We have already taken notice of the extent to which Cheviot sheep have of late years been introduced in the Highlands of Scotland. Many of the immense grazings there are rented by farmers resident in the south of Scotland, who only visit their Highland farms from time to time, and intrust the management of their flocks and shepherds, which rival in numbers those of the ancient patriarchs, to an overseer, whose duty it is to be constantly on the grounds, to attend in all respects to the interests of his employer, see his orders carried into effect, and give him stated information of how it fares with his charge.

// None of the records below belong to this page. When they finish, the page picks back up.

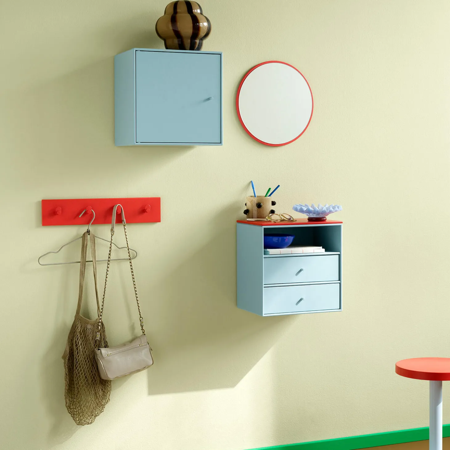 Det runde Montana Mini spejl er placeret på en 8 mm lakeret mdf-plade. Med spejlet kan du tilføre Montana Mini modulerne nye funktioner og skabe et legende og foranderligt udtryk.
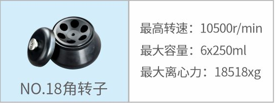 18 | 角轉(zhuǎn)子 | 10500r/min | 6×250ml | 18518xg |
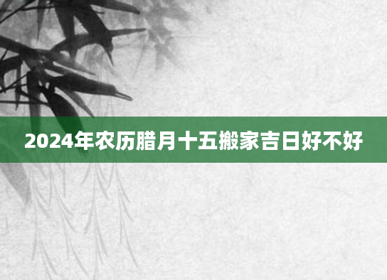 2024年农历腊月十五搬家吉日好不好导语:在生活中,我们经常会遇到一些大事。搬家就是其中之一。当我们在搬进新房的时候,我们的心情是很愉悦的。为了今后的生活顺顺利利的,一定要选择一个合适的日子来进行...2024-12-22
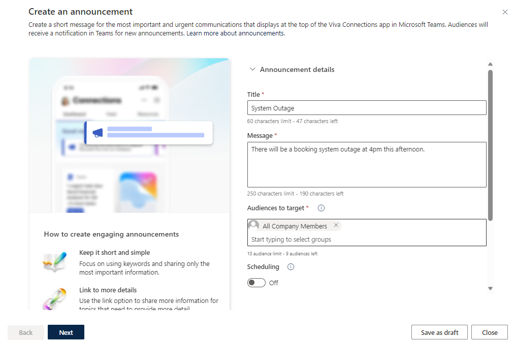 - Target your announcements to specific audiences. You can target announcements to specific departments, teams, or even individuals. This ensures that your employees are only seeing the information that is relevant to them.
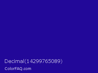 Decimal 14299765089 Color is a normal indigo color and the nearest color is Blue Gem #2c0e8c. Hex code #220899 and RGB value is rgb(34,8,153). In RGB color space, this color is composed of 13% red, 3% green, 60% blue, In CMYK color space, this color is composed of 78% cyan, 95% magenta, 0% yellow , 40% black , In HSL color space, this color has a hue angle of 251° , 90% saturation and 32% lightness.
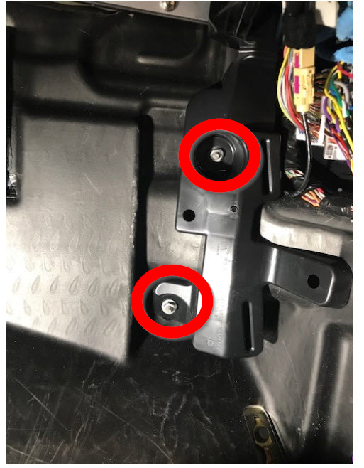 拆卸将右侧地毯固定器支架固定到脚部空间的螺母(2 个),然后从车上拆下支架。
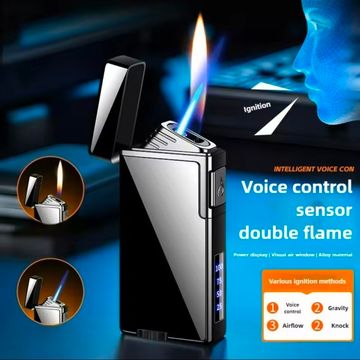 Intelligent Voice Controlled 2 Flames Butane Gas Lighter Open Flame Switching Jet Blue Flame Cigar Electric Lighters Smoking
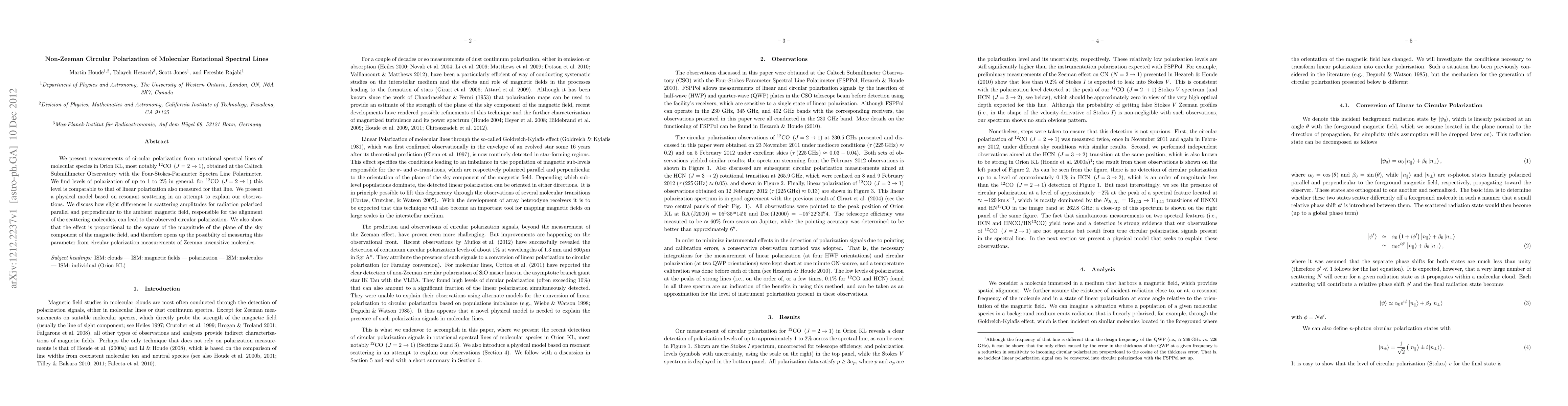 This study measures non-Zeeman circular polarization in molecular rotational lines of 12CO in Orion KL, revealing up to 2% polarization levels. A physical model based on resonant scattering explains the observed polarization, suggesting it is proportional to the square of the magnetic field's plane-of-sky component, providing a method to measure this magnetic field parameter.
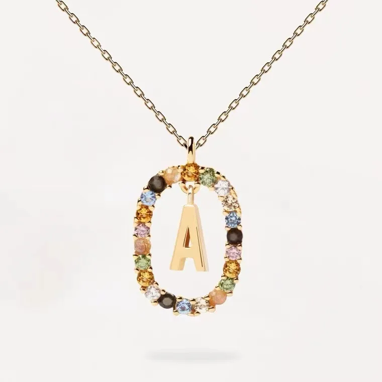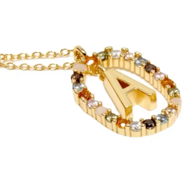 Цепочка с буквами A - Z Initial M S C K, длинное ожерелье с разноцветным цирконием, подвеска с буквами из 18-каратного золота
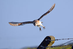The sequence of four photographs taken by Libby Owen depict a successful hunting trip for one of the local Barn Owls with the unfortunate vole meeting its' end in the bill of this silent hunter. ©
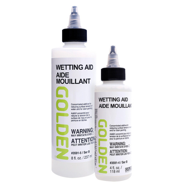 Der Wetting Aid ist ein konzentriertes Additiv, das die Oberflächenspannung des Wassers in einer Acrylemulsion verringert, wodurch die Fließgeschwindigkeit der Farbe erhöht wird. Es eignet sich besonders gut für Farbwaschungen auf roher Leinwand (engl. ‚staining‘). Der Wetting Aid enthält keine Bindemittel und wird am besten mit Wasser verdünnt aufgetragen.
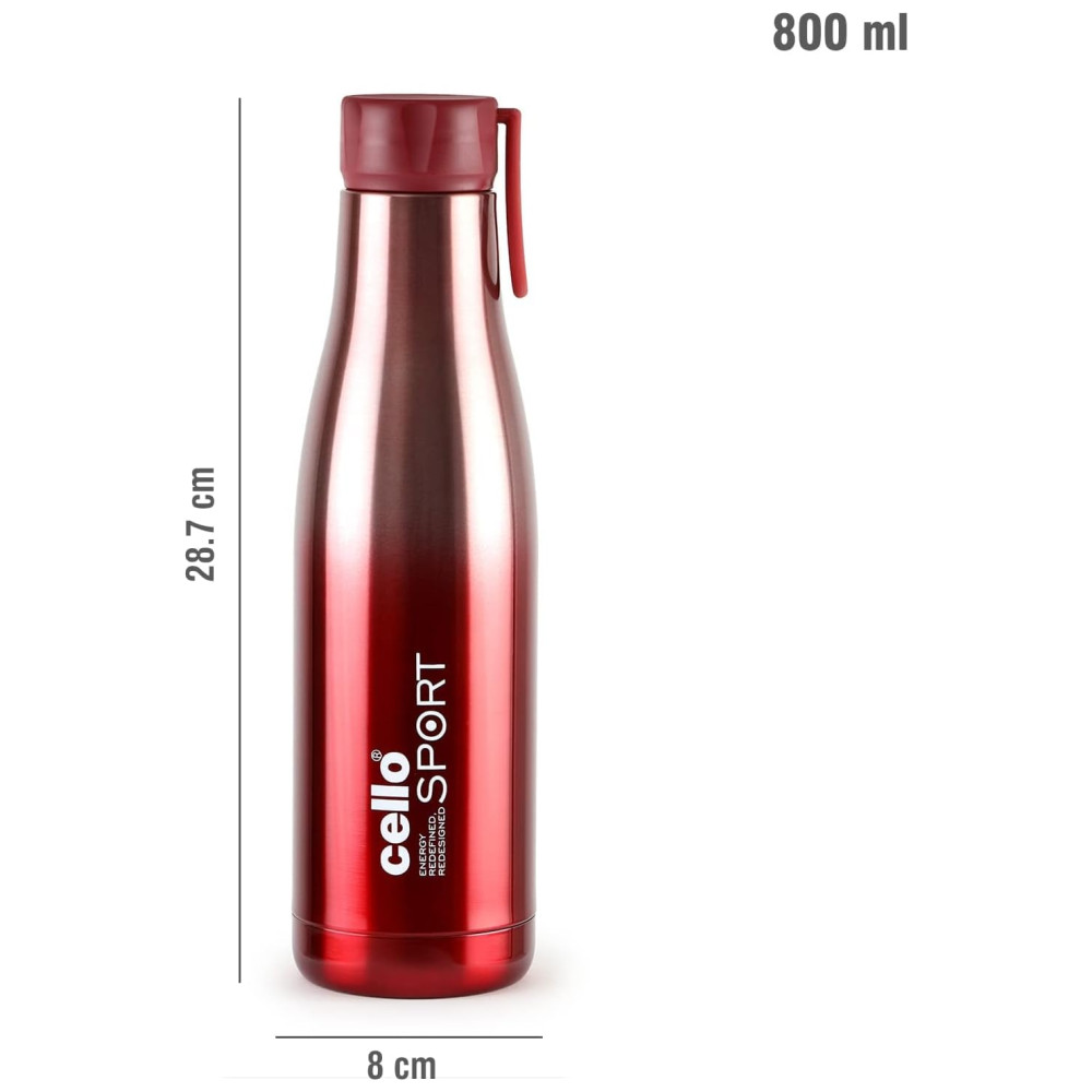 Garrafa Térmica para Água 800mL em Aço Inoxidável de Parede Dupla para Viagens Casa e Escritório Cello Dazzle Vermelha

The following pertinent remarks we quote from an extensive and experienced Highland sheep-farmer : ---

"The management of flocks in the Highlands is much the same as on high and exposed farms in the higher districts of Roxburghshire, Dumfriesshire, and Selkirkshire, as regards the ewe hirsels; the ewe lambs either not being weaned, or that only for eight or ten days, so that they may continue to follow their mothers. The wether lambs are sent to the wether ground about the beginning of August, and herded on the part of it considered most adapted for their keep till about the middle of October, when they are sent to turnips mostly in Ross-shire, where they remain till the middle of March or beginning of April. This is one of the heaviest items of expense in Highland farming, amounting to fully 4s. per head; and thus, upon a farm equally stocked with ewes and wethers, adds just about one-third to the rental of the farm. On the return of the wether hogs they are put to particular parts of the wether ground, at large amongst the other ages of wether stock, where they remain until drawn out when three years old at the usual season to send to market; with this exception, that the year following (when they are dinmonts), the smallest of them, those that are not considered capable of wintering at home, say to the extent of two or three to the score, are again drawn out and sent with the hogs to turnips.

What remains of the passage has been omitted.